Emotions, Communities, and Difference in Medieval Europe

Emotions, Communities, and Difference in Medieval Europe PDF Author: Maureen C. Miller
Publisher: Taylor & Francis
ISBN: 131714452X
Category : History
Languages : en
Pages : 224

Book Description
This book of eleven essays by an international group of scholars in medieval studies honors the work of Barbara H. Rosenwein, Professor emerita of History at Loyola University Chicago. Part I, “Emotions and Communities,” comprises six essays that make use of Rosenwein’s well-known and widely influential work on the history of emotions and what Rosenwein has called “emotional communities.” These essays employ a wide variety of source material such as chronicles, monastic records, painting, music theory, and religious practice to elucidate emotional commonalities among the medieval people who experienced them. The five essays in Part II, “Communities and Difference,” explore different kinds of communities and have difference as their primary theme: difference between the poor and the unfree, between power as wielded by rulers or the clergy, between the western Mediterranean region and the rest of Europe, and between a supposedly great king and lesser ones.

A Cultural History of Women in the Middle Ages

A Cultural History of Women in the Middle Ages PDF Author: Kim M. Phillips
Publisher: Bloomsbury Publishing
ISBN: 1350995827
Category : History
Languages : en
Pages : 346

Book Description
The medieval era has been described as 'the Age of Chivalry' and 'the Age of Faith' but also as 'the Dark Ages'. Medieval women have often been viewed as subject to a punishing misogyny which limited their legal rights and economic activities, but some scholars have claimed they enjoyed a 'rough and ready equality' with men.

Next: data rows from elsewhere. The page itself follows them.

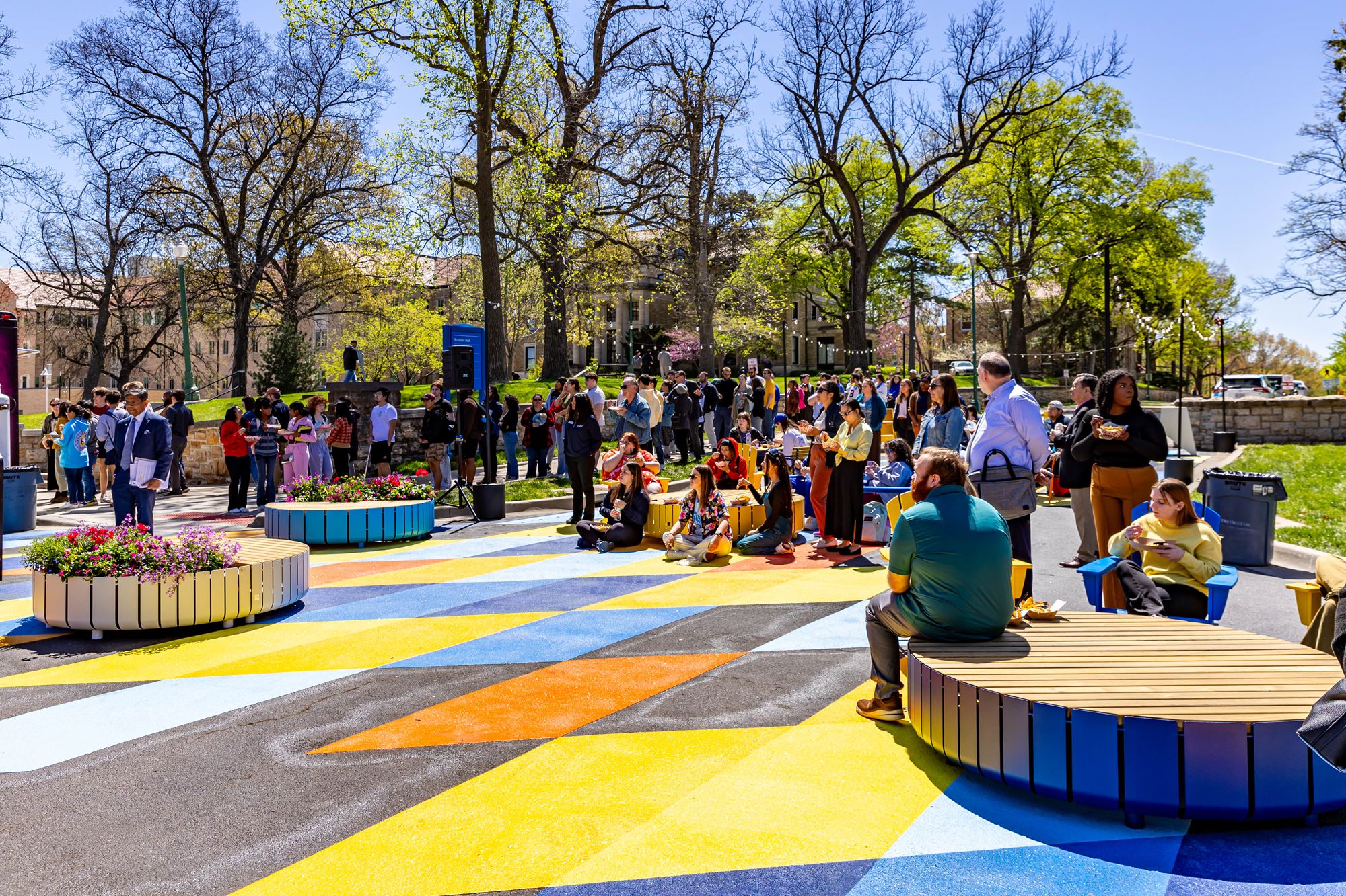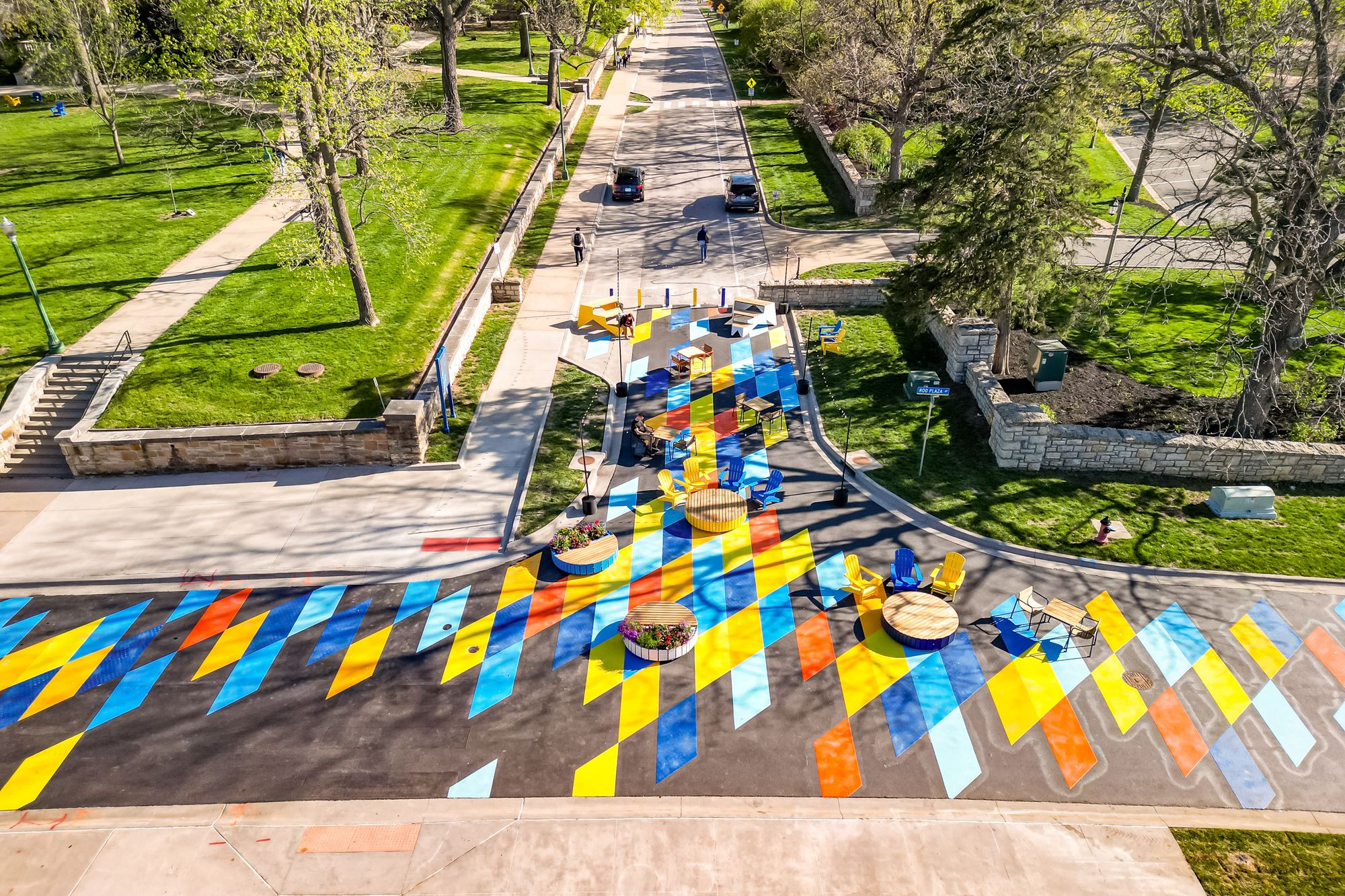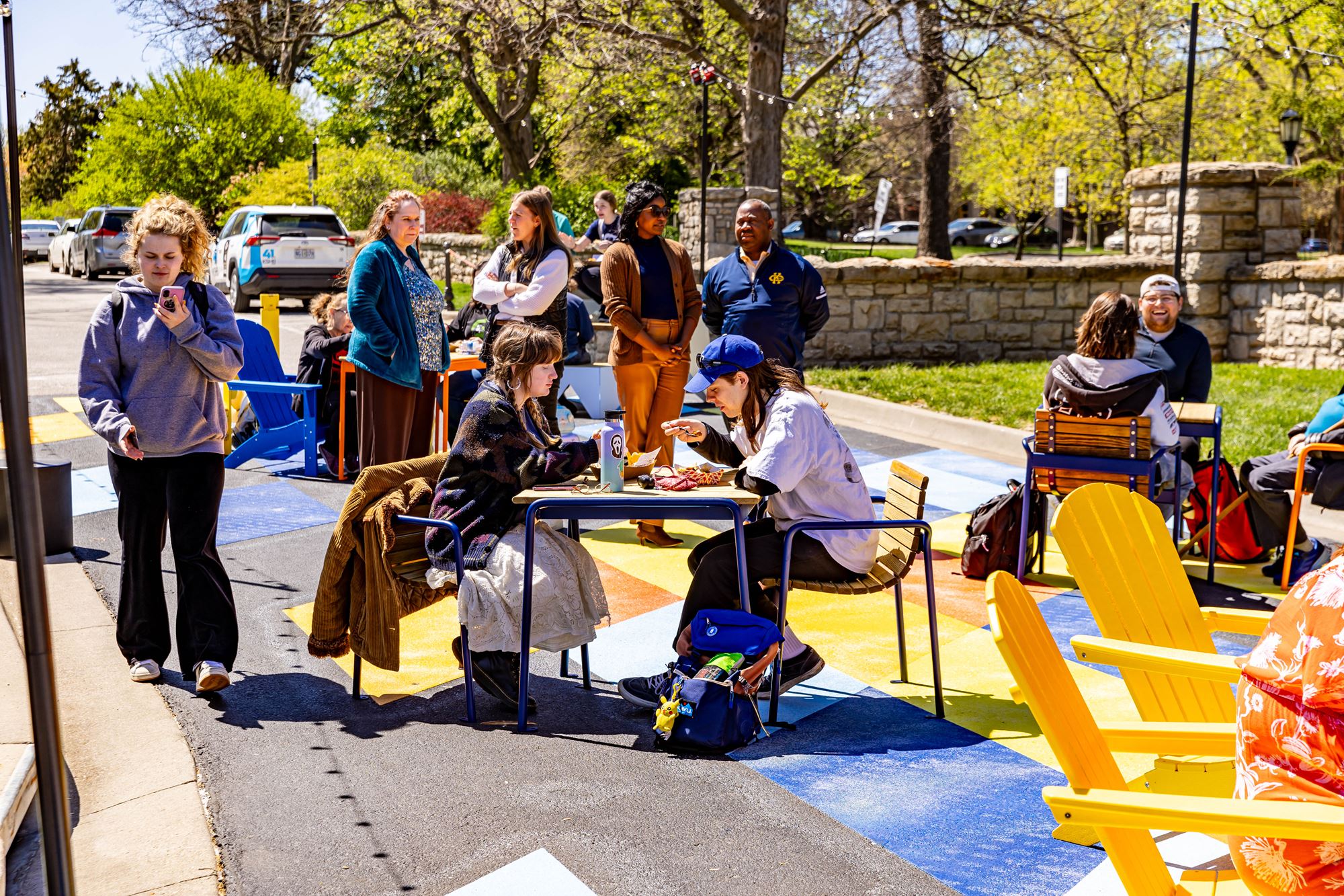 A major factor in the project’s success was Linda Hall Library vacating half of 51st Street, allowing the University to utilize the roadway and adjacent greenspace fully. The design limits vehicular access to UMKC maintenance crews, deliveries, and emergency services. Inspired by tactical urbanism, the improvements emphasize flexibility and low-maintenance features such as paint striping, bollards, a dedicated bike lane, yard games, string lighting, and site furnishings.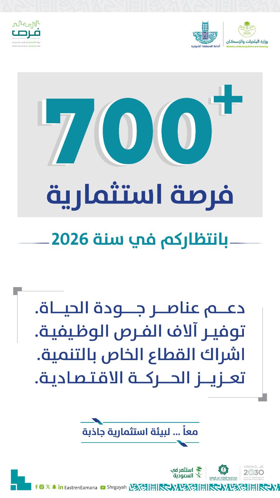 أطلقت أمانة المنطقة الشرقية خطتها لطرح أكثر من 700 فرصة استثمارية دائمة ومؤقتة خلال عام 2026 في كافة المدن والمحافظات بالمنطقة الشرقية، تغطي أكثر من 18 نشاطاً كالسياحة والترفيه والرياضة والتعليم والصناعة والصحة والتعليم والايواء والبنية التحتية والخدمات والمنتزهات والحدائق والأنشطة البحرية والمرافق العامة والبيئة وانشطة متعددة مساندة، والتي تأتي امتداداً لجهودها في إشراك القطاع الخاص بالتنمية، بالتماشي مع رؤية السعودية 2030، ودعم عناصر جودة الحياة، والمساهمة في توفير الفرص الوظيفية لأبناء الوطن.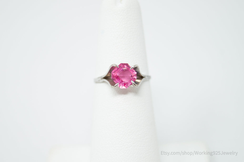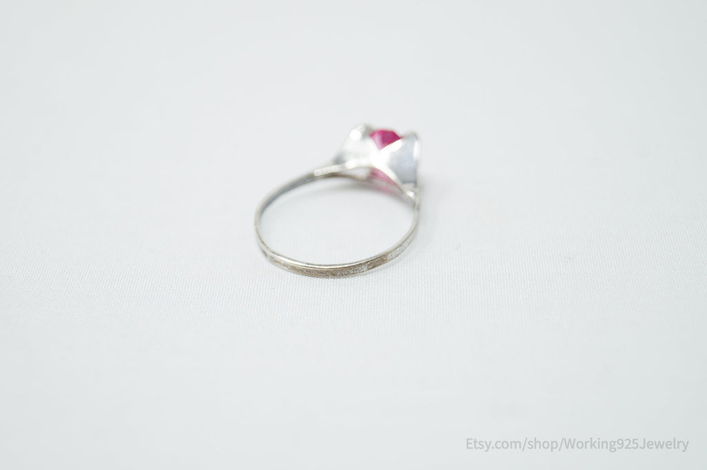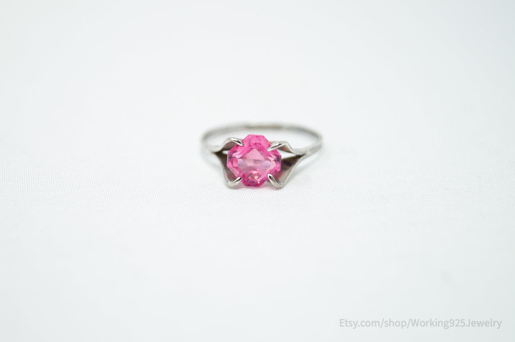 Vintage Delicate Joseph Esposito Espo Pink Glass Sterling Silver Ring Size 4.75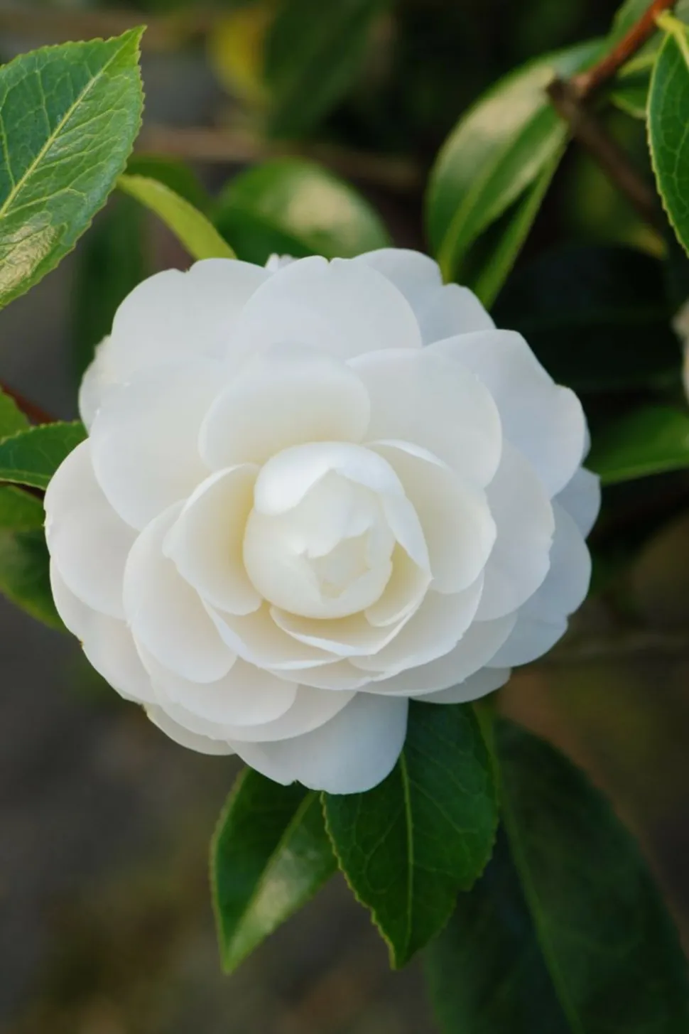 L’élégance même, l’excellence de sa fleur imbriquée, d’un blanc pur, nous ravit par sa floraison de février à avril/mai. Ce sublime Camélia est d’obtention bretonne, son obtenteur Fanch Le Moal (un grand découvreur de Camélias) a participé a sa création. Avec son port compact, ce Camélia de végétation moyenne atteindra le mètre à 10 ans. Son feuillage vert clair met en avant la pureté de sa fleur.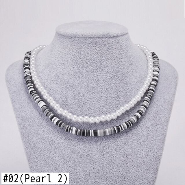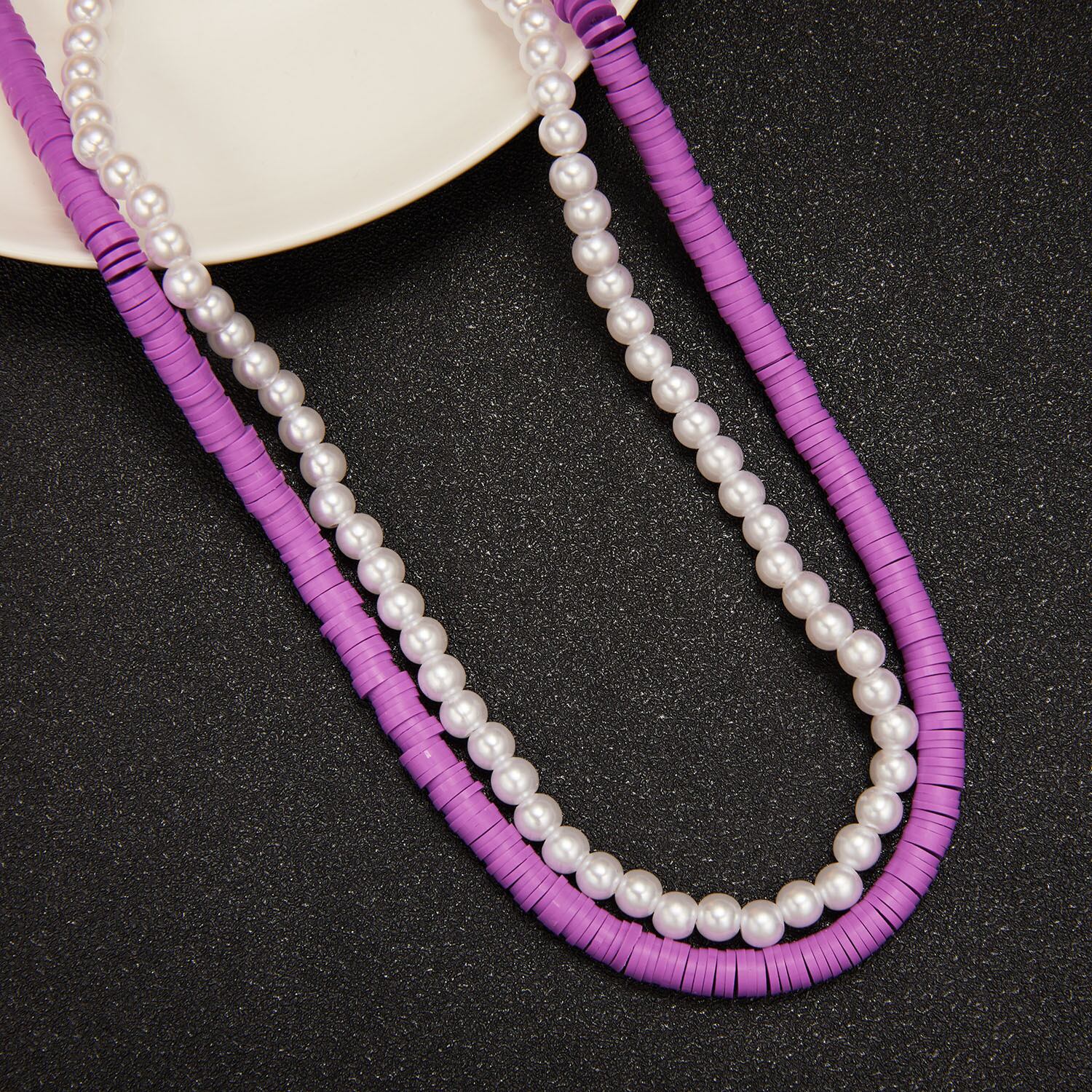 送料無料 シンプルな自由奔放に生きるジュエリーソフト陶器パールビーズチェーンチョーカー女性ネックレスカラフルなショートカラー2PCS/セットサマーギフト レース 夏物 真珠 アクセサリー AE7778888041798315
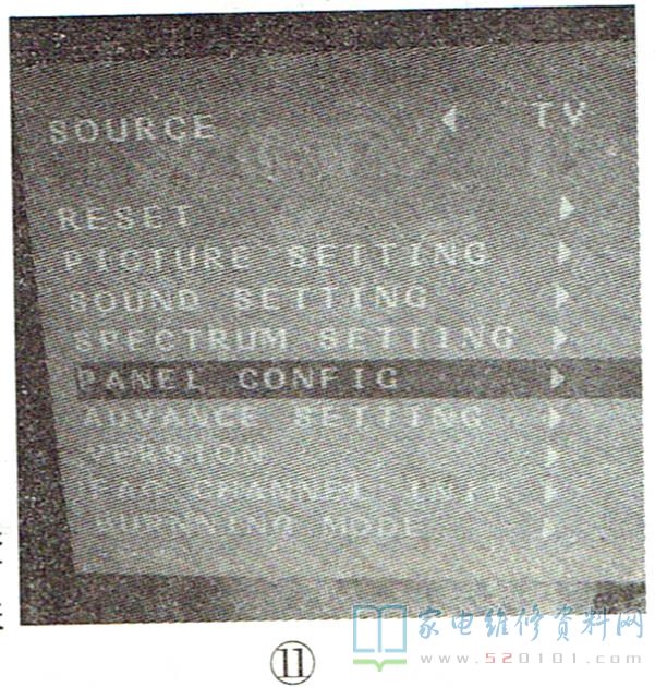 例2:一台创维42LBIAW彩电(8TT9机芯),TVAV图像彩色失真且有拖尾现象,但伴音正常。分析检修:输入VGA或高清YPbPr信号,图像正常。由于TV、AV图像类仪彩色制式设置错误时的现象,先打开菜单,检查彩色制式设置,正确。VGA及YPbPr图像正常,这说明主芯片中的数字视频信号处理电路、魔画板电路、逻辑板(T-CON)及屏组件均正常,怀疑总线数据有问题,决定先进入总线进行初始化操作试试。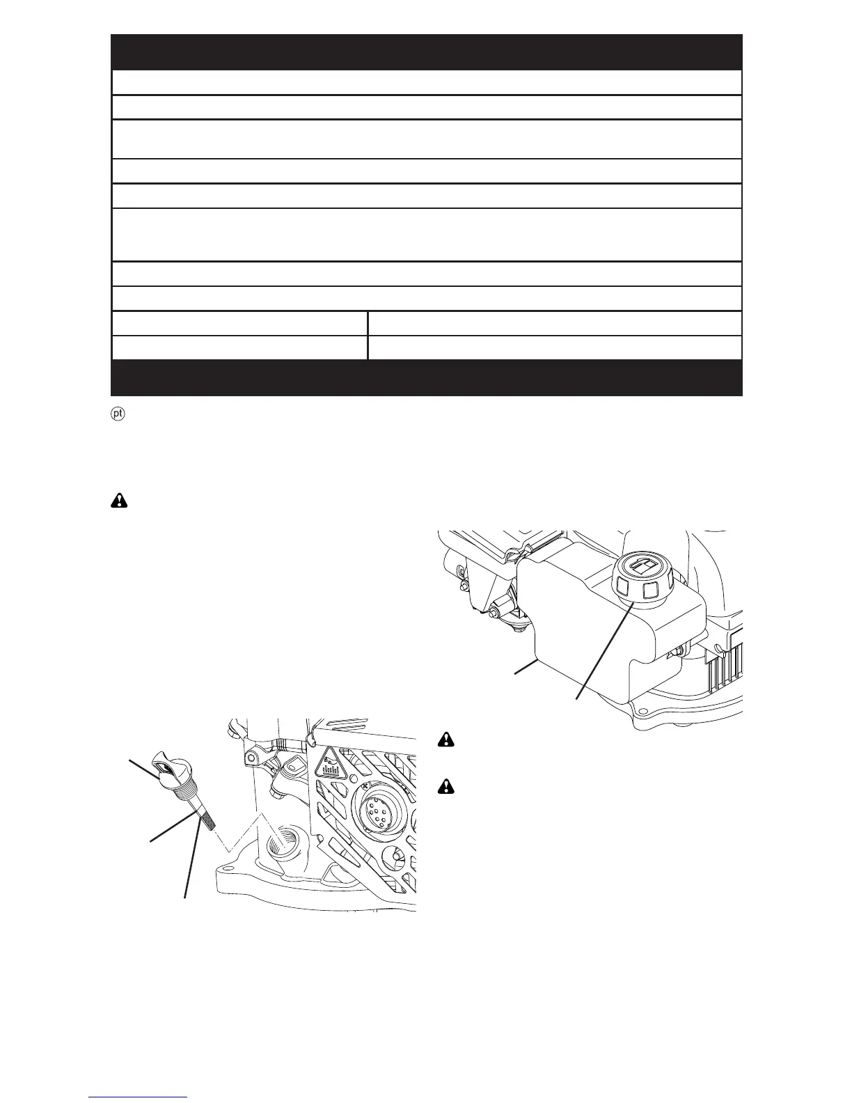 CUIDADO: Encha o motor com óleo antes de o ligar.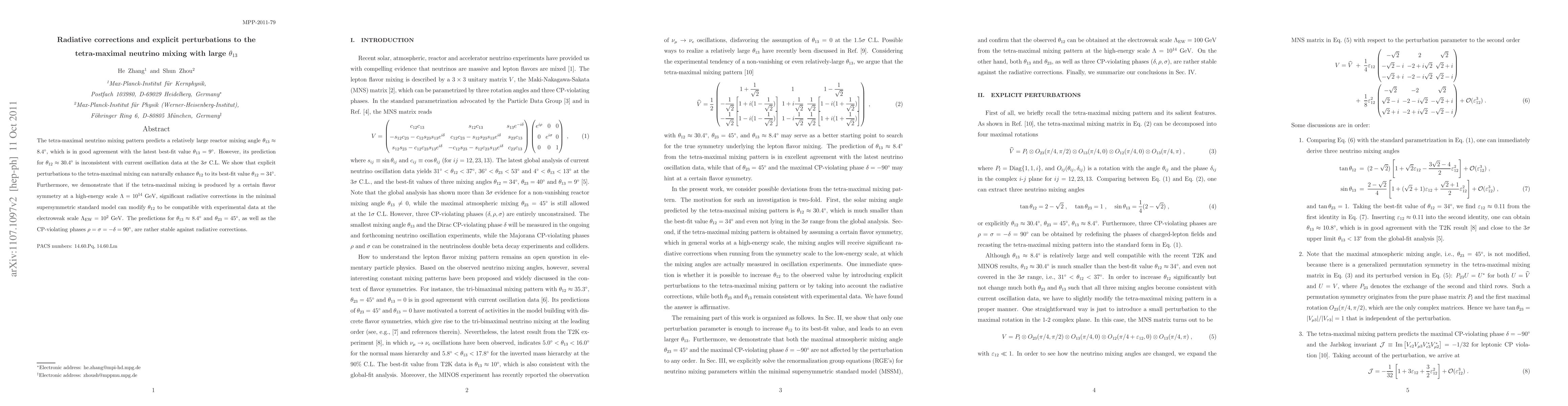 Research shows that adding perturbations to the tetra-maximal neutrino mixing pattern can naturally enhance theta_12 to its best-fit value, while radiative corrections may modify this angle at lower energy scales.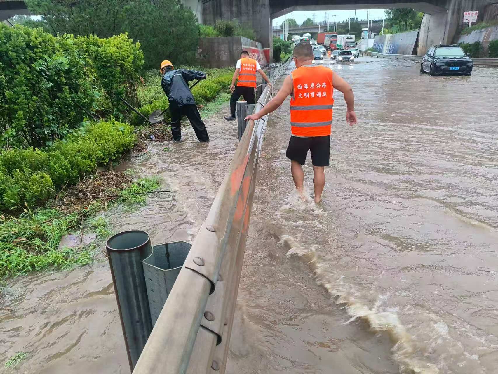 上午11点30分,泊里公路站巡查人员发现张海路K28+500疏港铁路桥下出现严重积水,一辆小汽车被困水中。巡查人员立即开展抢险作业,在积水区域周边设置防撞桶,阻止后续车辆继续进入险区,同时协助被困车辆脱困,疏通道路排水设施。经过1个小时奋战,路面积水逐渐消退,被困车辆安全驶离,道路恢复安全通行。

The contrasting figures of Eve and the Virgin Mary loom over historians' interpretations of the period 1000-1500. Yet a wealth of recent historiography goes behind these conventional motifs, showing how medieval women's lives were shaped by status, age, life-stage, geography and religion as well as by gender. A Cultural History of Women in the Middle Ages presents essays on medieval women's life cycle, bodies and sexuality, religion and popular beliefs, medicine and disease, public and private realms, education and work, power, and artistic representation to illustrate the diversity of medieval women's lives and constructions of femininity.